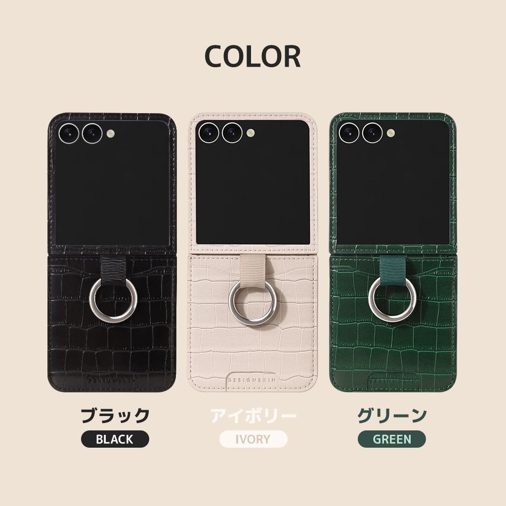 国内正規品 Design Skin Galaxy Z Flip7 カードポケット付き クロコ柄 本革 ケース カバー メタルリング付き デザインスキン
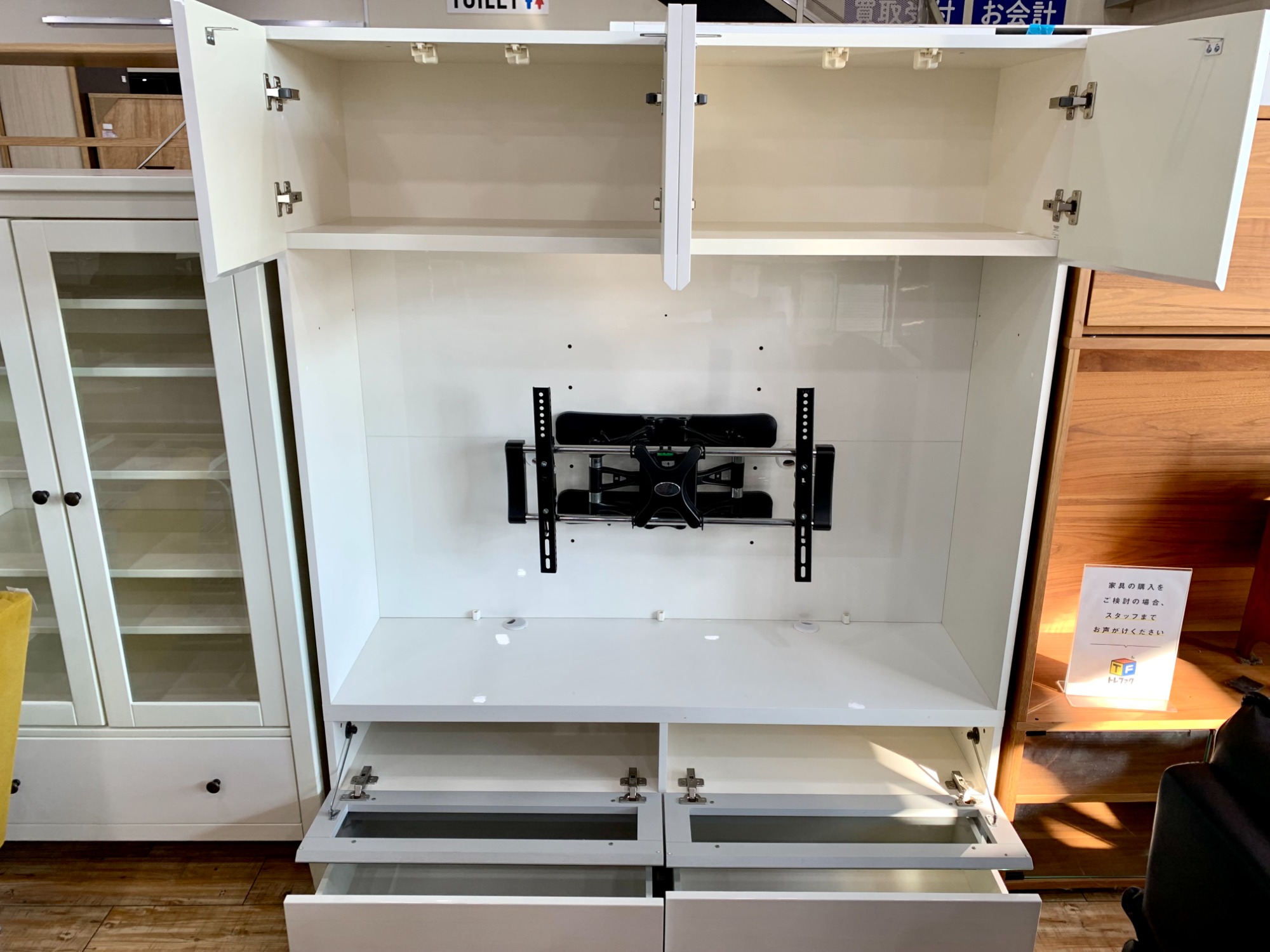 収納スペースも多く、シンプルなデザインでお部屋になじみやすいお品物でございます!!
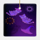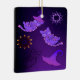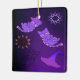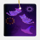 Ornamento De Cerâmica Gatinhos Roxos com Chapéus e Estrelas de Bruxas
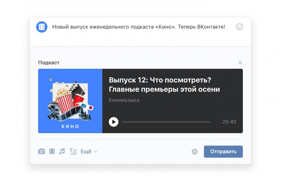 Авторы подкастов смогут размещать выпуски ВКонтакте совершенно бесплатно. Подкастеры получат реакцию слушателей (отметки «Нравится», комментарии, количество поделившихся), подробную статистику, возможности продвижения.
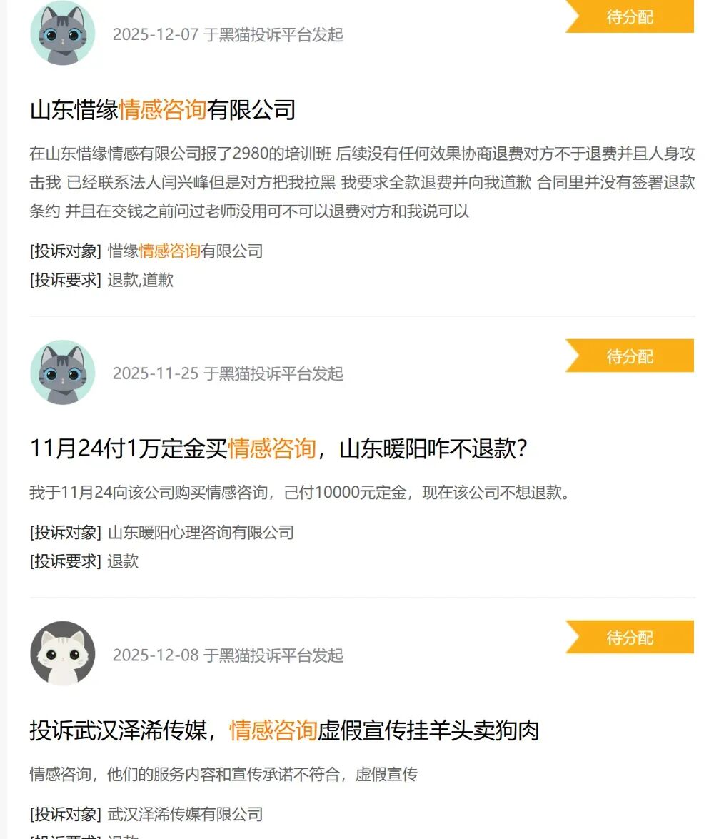 黑猫投诉平台涌入大量情感咨询投诉
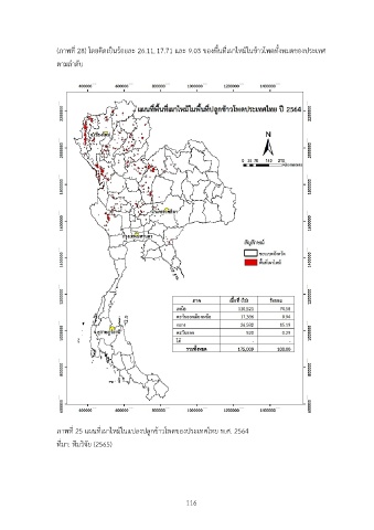 (ภาพที่ 28) โดยคิดเป\นรDอยละ 26.11, 17.71 และ 9.03 ของพื้นที่เผาไหมDในขDาวโพดทั้งหมดของประเทศ ตามลำดับ ภาพที่ 25 แผนที่เผาไหมDในแปลงปลูกขDาวโพดของประเทศไทย พ.ศ. 2564 ที่มา: ทีมวิจัย (2565) 116
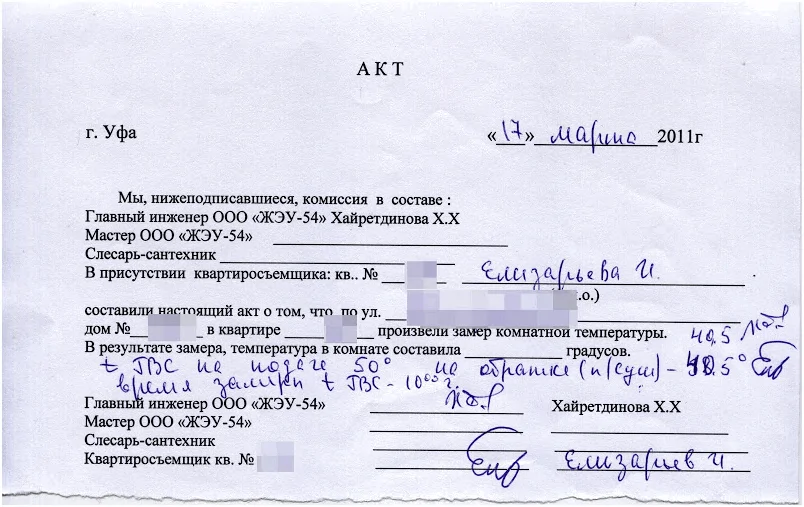 Независимо от того, куда именно вы обращаетесь при отсутствии в доме тепла, сама жалоба должна быть составлена по сути вопроса. При отсутствии надлежащего отопления стоит указать фактические параметры температурного режима вашей квартиры. Если температура не соответствует СанПиН 2.1.2.2645-10, требуйте проведения официального замера температуры. Как правило, подобные обращения, составленные юридически грамотно, с отсылкой к законодательным нормам и стандартам, принимаются к рассмотрению на порядок быстрее.

....

**Assignment:** All lines from the one containing "(ภาพที่ 28) โดยคิดเป\นรDอยละ" through the end of the entries, both ends included, should be written out exactly, with no pictures.

**Task answer:**
 (ภาพที่ 28) โดยคิดเป\นรDอยละ 26.11, 17.71 และ 9.03 ของพื้นที่เผาไหมDในขDาวโพดทั้งหมดของประเทศ ตามลำดับ ภาพที่ 25 แผนที่เผาไหมDในแปลงปลูกขDาวโพดของประเทศไทย พ.ศ. 2564 ที่มา: ทีมวิจัย (2565) 116
 Независимо от того, куда именно вы обращаетесь при отсутствии в доме тепла, сама жалоба должна быть составлена по сути вопроса. При отсутствии надлежащего отопления стоит указать фактические параметры температурного режима вашей квартиры. Если температура не соответствует СанПиН 2.1.2.2645-10, требуйте проведения официального замера температуры. Как правило, подобные обращения, составленные юридически грамотно, с отсылкой к законодательным нормам и стандартам, принимаются к рассмотрению на порядок быстрее.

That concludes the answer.